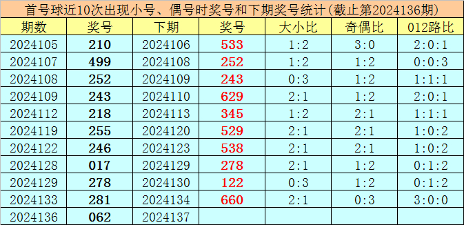在首号球前10次开出小号、偶号类型之后,其下期分别开出奖号:533、252、243、629、345、529、538、278、122、660,其中号码奇偶比为5:5,大小比为5:5,012路比为3:1:6。
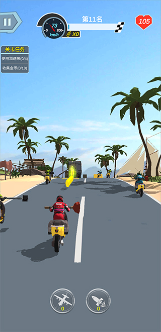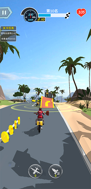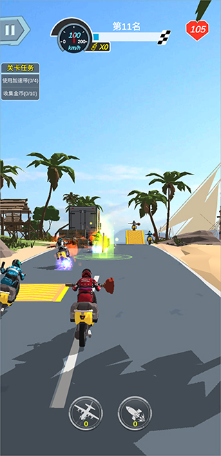 1、驾驶摩托,拾取武器攻击对手,避免其他对手的攻击。2、穿越加速带获得氮气,这样你的速度能够提升,摆脱对手的攻击。
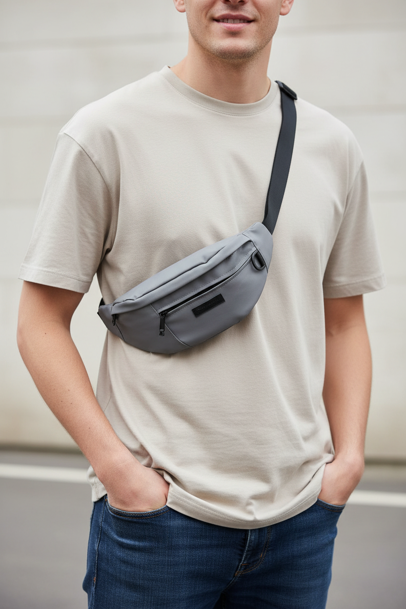 Riñonera Ocn Maui Gris en tela Cordura resistente. Correa ajustable y cierres múltiples para máxima seguridad y comodidad. Perfecta para llevar tus esenciales con libertad de movimiento.
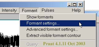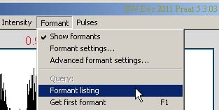 - Once the parameters are optimized you can read off track values to get the formant frequencies at some instant of interest. For example, make a selection around some vowel that interests you or position the cursor there (do not include consonants in the selection). Then open the Formant menu and select Formant listing:
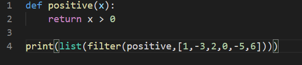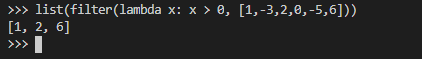: 첫 번째 인수로 함수 이름을, 두 번째 인수로 그 함수에 차례로 들어갈 반복 가능한 자료형을 받는다. 그리고 두 번째 인수인 반복 가능한 자료형 요소가 첫 번째 인수인 함수에 입력되었을 때 반환 값이 참인 것만 묶어서 돌려준다.
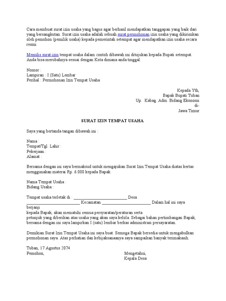 Surat ijin tempat usaha adalah surat untuk memperoleh ijin sebuah usaha di sebuah lokasi usaha dengan maksud agar tidak menimbulkan gangguan atau kerugian. Dokumen ini harus dimiliki oleh para pengusaha yang memiliki modal berkisar rp 5 juta sampai. Diperjumpaan kita pada kali ini, akan kembali quipper.co.id sampaikan materi tentang surat izin … Fungsi surat ini adalah untuk memperoleh izin atas pendirian suatu tempat usaha, perusahaan, atau perkantoran. Savesave contoh surat izin tempat usaha. Surat izin tempat usaha atau disingkat situ adalah surat resmi yang dikeluarkan oleh badan atau lembaga hukum setempat. Contoh surat izin penggunaan tempat. Contoh surat izin gangguan yang baik dan benar untuk pendirian tempat usaha sebagai referensi pembuatan surat resmi yang profesional. Surat izin usaha industri adalah surat yang sangat dibutuhkan oleh para pengusaha kecil menengah sebagai legalitas usahanya supaya usaha mereka tetap bisa berjalan tanpa melanggar ketentuan. 0 ratings0% found this document useful (0 votes). Dahulu situ bernama ho ho = izin gangguan klasifikasi tingkat. Tapi ingat satu hal bahwa ketika anda membuat surat izin. Pdf | 02011181722033) fakultas hukum universitas sriwijaya abstrak penulisan artikel ini bertujuan untuk memamparkan penulis akan menjelaskan berbagai surat izin usaha perdagangan 1 baik surat izin usaha perdagangan mikro, surat izin termasuk tanah dan bangunan tempat usaha.
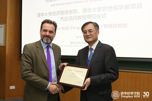 2014年11月3日,世界著名历史学家、哈佛大学历史系劳伦斯•A•蒂施(Laurence A. Tisch)讲席教授尼尔•弗格森(Niall Ferguson)受聘为永利集团88304官网在线登录杰出访问教授。聘任仪式在清华经管学院舜德楼401举行,由清华经管学院苏黎世保险集团讲席教授、金融系代理系主任Michael R. Powers教授主持。作为清华经管学院杰出访问教授,弗格森教授此次为学院师生带来系列公开课,并将自2014-15学年春季学期起为清华经管学院本科生每年开设“中国与世界”系列课程中的一门2学分课程。
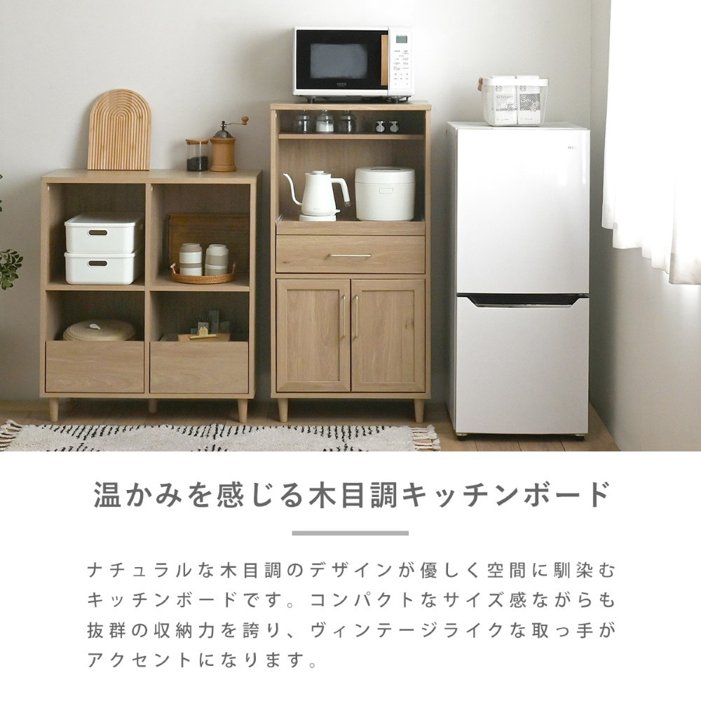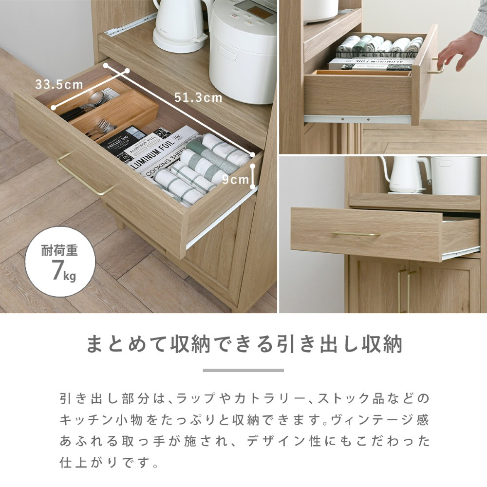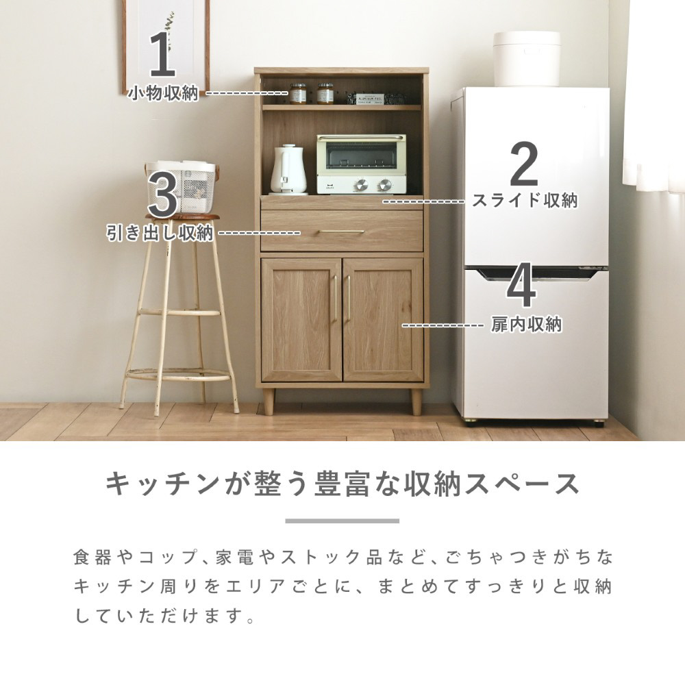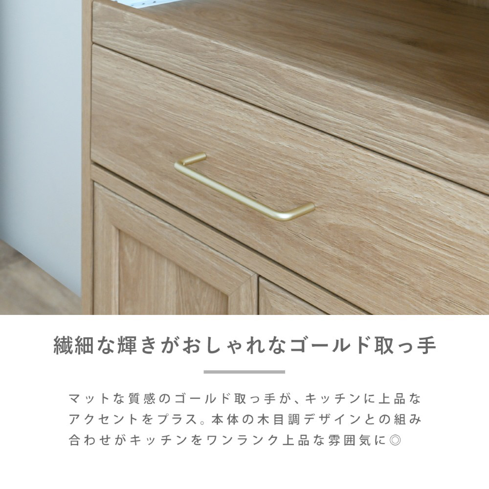オープン部分はスライドレール付きで、炊飯器やレンジの設置に最適です。上部には、スパイスや調味料を収納するのにぴったりなディスプレイ棚があり、コード穴付きで配線もすっきり◎

-*-*-

Task goal: Would you set down the records exactly, with no pictures included?

Solution:
在首号球前10次开出小号、偶号类型之后,其下期分别开出奖号:533、252、243、629、345、529、538、278、122、660,其中号码奇偶比为5:5,大小比为5:5,012路比为3:1:6。
 1、驾驶摩托,拾取武器攻击对手,避免其他对手的攻击。2、穿越加速带获得氮气,这样你的速度能够提升,摆脱对手的攻击。
 Riñonera Ocn Maui Gris en tela Cordura resistente. Correa ajustable y cierres múltiples para máxima seguridad y comodidad. Perfecta para llevar tus esenciales con libertad de movimiento.
 - Once the parameters are optimized you can read off track values to get the formant frequencies at some instant of interest. For example, make a selection around some vowel that interests you or position the cursor there (do not include consonants in the selection). Then open the Formant menu and select Formant listing:
: 첫 번째 인수로 함수 이름을, 두 번째 인수로 그 함수에 차례로 들어갈 반복 가능한 자료형을 받는다. 그리고 두 번째 인수인 반복 가능한 자료형 요소가 첫 번째 인수인 함수에 입력되었을 때 반환 값이 참인 것만 묶어서 돌려준다.
 Surat ijin tempat usaha adalah surat untuk memperoleh ijin sebuah usaha di sebuah lokasi usaha dengan maksud agar tidak menimbulkan gangguan atau kerugian. Dokumen ini harus dimiliki oleh para pengusaha yang memiliki modal berkisar rp 5 juta sampai. Diperjumpaan kita pada kali ini, akan kembali quipper.co.id sampaikan materi tentang surat izin … Fungsi surat ini adalah untuk memperoleh izin atas pendirian suatu tempat usaha, perusahaan, atau perkantoran. Savesave contoh surat izin tempat usaha. Surat izin tempat usaha atau disingkat situ adalah surat resmi yang dikeluarkan oleh badan atau lembaga hukum setempat. Contoh surat izin penggunaan tempat. Contoh surat izin gangguan yang baik dan benar untuk pendirian tempat usaha sebagai referensi pembuatan surat resmi yang profesional. Surat izin usaha industri adalah surat yang sangat dibutuhkan oleh para pengusaha kecil menengah sebagai legalitas usahanya supaya usaha mereka tetap bisa berjalan tanpa melanggar ketentuan. 0 ratings0% found this document useful (0 votes). Dahulu situ bernama ho ho = izin gangguan klasifikasi tingkat. Tapi ingat satu hal bahwa ketika anda membuat surat izin. Pdf | 02011181722033) fakultas hukum universitas sriwijaya abstrak penulisan artikel ini bertujuan untuk memamparkan penulis akan menjelaskan berbagai surat izin usaha perdagangan 1 baik surat izin usaha perdagangan mikro, surat izin termasuk tanah dan bangunan tempat usaha.
 2014年11月3日,世界著名历史学家、哈佛大学历史系劳伦斯•A•蒂施(Laurence A. Tisch)讲席教授尼尔•弗格森(Niall Ferguson)受聘为永利集团88304官网在线登录杰出访问教授。聘任仪式在清华经管学院舜德楼401举行,由清华经管学院苏黎世保险集团讲席教授、金融系代理系主任Michael R. Powers教授主持。作为清华经管学院杰出访问教授,弗格森教授此次为学院师生带来系列公开课,并将自2014-15学年春季学期起为清华经管学院本科生每年开设“中国与世界”系列课程中的一门2学分课程。
オープン部分はスライドレール付きで、炊飯器やレンジの設置に最適です。上部には、スパイスや調味料を収納するのにぴったりなディスプレイ棚があり、コード穴付きで配線もすっきり◎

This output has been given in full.